HYMET performs contig-level metagenomic classification by combining Mash-based candidate selection, minimap2 alignment, and a weighted-LCA resolver. The repository includes the classifier, the CAMI benchmark harness, real-data case-study tooling, and auxiliary scripts.

Feature Snapshot

Candidate filtering – Mash containment scores cap the number of references passed to minimap2 (5000 by default; the CAMI harness overrides this to 1500).
CLI workflows – bin/hymet provides run, bench, case, ablation, truth build-zymo, artifacts, version, and legacy subcommands with consistent metadata outputs.
Benchmark automation – The CAMI harness produces evaluation tables, runtime logs, and figures from a single driver script.
Case-study tooling – Dedicated scripts execute MGnify and Zymo contig workflows and perform reference ablation experiments.
Deployment options – Install via Bioconda, Docker/Singularity images, or a source checkout with the supplied environment file.

What’s Included

Directory	Purpose
`bench/`	CAMI benchmark harness, database builders, evaluation, and plotting scripts.
`case/`	Real-data case study runner plus reference ablation tooling.
`workflows/`	High-level runners (e.g., CAMI suite) that stage artefacts under `results/<scenario>/<suite>/`.
`bin/`	Python CLI entry points (preferred interface for new workflows).
`scripts/`	Legacy Perl/Bash helpers retained for reproducibility (`main.pl`, `config.pl`, etc.).
`testdataset/`	Utilities to assemble small synthetic evaluation sets.
`data/`, `taxonomy_files/`	Expected locations for downloaded references and taxonomy dumps.

Quick Start (First-Time Setup)

After cloning the repository and creating your conda environment:

# 1. Create and activate environment
mamba env create -f environment.yml
conda activate hymet_env

# 2. Initialize HYMET (downloads NCBI taxonomy, creates stubs, verifies installation)
bin/hymet init

# 3. Fetch Mash sketches from Zenodo (required for classification)
tools/fetch_sketches.sh

# 4. Verify everything is ready
bin/hymet init

The init command automatically downloads NCBI taxonomy (~60MB) and generates the required hierarchy file.
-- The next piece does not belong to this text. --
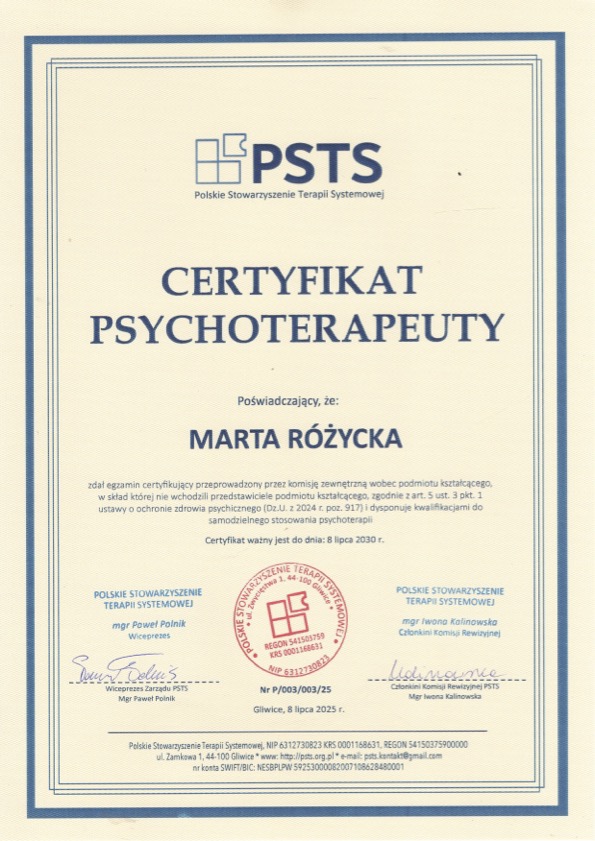 Psychoterapeuta certyfikowany to osoba, która ukończyła wieloletnie szkolenie specjalistyczne w zakresie psychoterapii, spełniające określone standardy. Certyfikacja psychoterapeutów stanie się w Polsce standardem. Mgr Marta Różycka posiada następujące certyfikaty: Certyfikat Psychoterapeuty (PSTS SP/003/003/25 ważny do dnia 8 lipca 2030 r.) Certyfikat Psychotraumatologa (PSTS SP/003/003/25 ważny do dnia 8 lipca 2030 r.) Certyfikat Superwizora Psychoterapii (PSTS SP/003/003/25…

Use --skip-taxonomy to skip this if you already have the files or want to set them up manually.

Quick Start Commands

# Single-sample classification
bin/hymet run   --contigs /path/to/sample.fna   --out results/sample   --threads 16

# CAMI benchmark (HYMET + baselines; preset 'contigs' runs the default panel)
bin/hymet bench   --manifest bench/cami_manifest.tsv   --tools contigs   --threads 16

# Case-study bundle (MGnify gut + Zymo mock community)
./case/run_cases_full.sh   --threads 16      # canonical + gut + zymo suites; add --suite to limit the run
# or run a single manifest via the CLI:
bin/hymet case   --manifest case/manifest_zymo.tsv   --threads 8

# Reference ablation experiment
bin/hymet ablation   --sample zymo_mc   --taxa 1423,562   --levels 0,0.5,1.0   --threads 4

# Refresh supplementary tables and figures
bin/hymet artifacts

bin/hymet auto-detects HYMET_ROOT. Export it explicitly (export HYMET_ROOT=/path/to/HYMET) if you prefer running from arbitrary directories. The legacy Perl entry point remains available as bin/hymet legacy -- ….

Using HYMET Beyond Benchmarks

HYMET’s run subcommand is the supported way to classify your own assemblies or read sets; the CAMI harness is just a bundled example. A typical ad-hoc run looks like this:

conda activate hymet
export HYMET_ROOT=/path/to/HYMET      # optional when running from a cloned repo
# replace `bin/hymet` with `hymet` if the package is installed into the active environment
bin/hymet run \
  --contigs my_assembly.fna \
  --out results/my_assembly \
  --threads 32 \
  --cand-max 500 \
  --species-dedup

Prepare inputs – Provide a contig FASTA via --contigs or a read FASTA/FASTQ via --reads. Place the pre-built Mash sketches under HYMET/data/ (see Preparing Data below) and point taxonomy_files/ at a fresh NCBI dump. HYMET will download any missing reference genomes into CACHE_ROOT on demand.
Launch classification – hymet run stages the sample under OUTDIR, copies your FASTA/FASTQ into OUTDIR/input/, screens candidates with Mash, downloads the needed references (or reuses a cache hit), aligns with minimap2, and resolves calls with the weighted LCA resolver. Tweak --cand-max, --species-dedup, --threads, --cache-root, or --assembly-summary-dir to fit your hardware and naming conventions. When running via the benchmark harness, add --keep-work if you want it to retain intermediates under OUTDIR/work/ for debugging.
Consume outputs – Every run writes:
- OUTDIR/classified_sequences.tsv – one row per contig/read with lineage, rank, TaxID, and confidence (compatible with downstream Krona/plots).
- OUTDIR/hymet.sample_0.cami.tsv – CAMI-format profile built from the classification table (rename or symlink as desired for multi-sample batches).
- OUTDIR/metadata.json – reproducibility snapshot (HYMET commit, sketch checksums, cache key, tool versions, tunables).
- OUTDIR/logs/ plus OUTDIR/work/ – diagnostics and reusable intermediates. For benchmark runs, pass --keep-work (or export KEEP_HYMET_WORK=1) to prevent the harness from deleting minimap2 artefacts; direct bin/hymet run invocations keep them by default.

For throughput runs, iterate over samples in a simple shell loop or a workflow manager, changing only --contigs/--reads and --out per sample; the cache key (hash of selected_genomes.txt) lets multiple runs share downloaded references automatically.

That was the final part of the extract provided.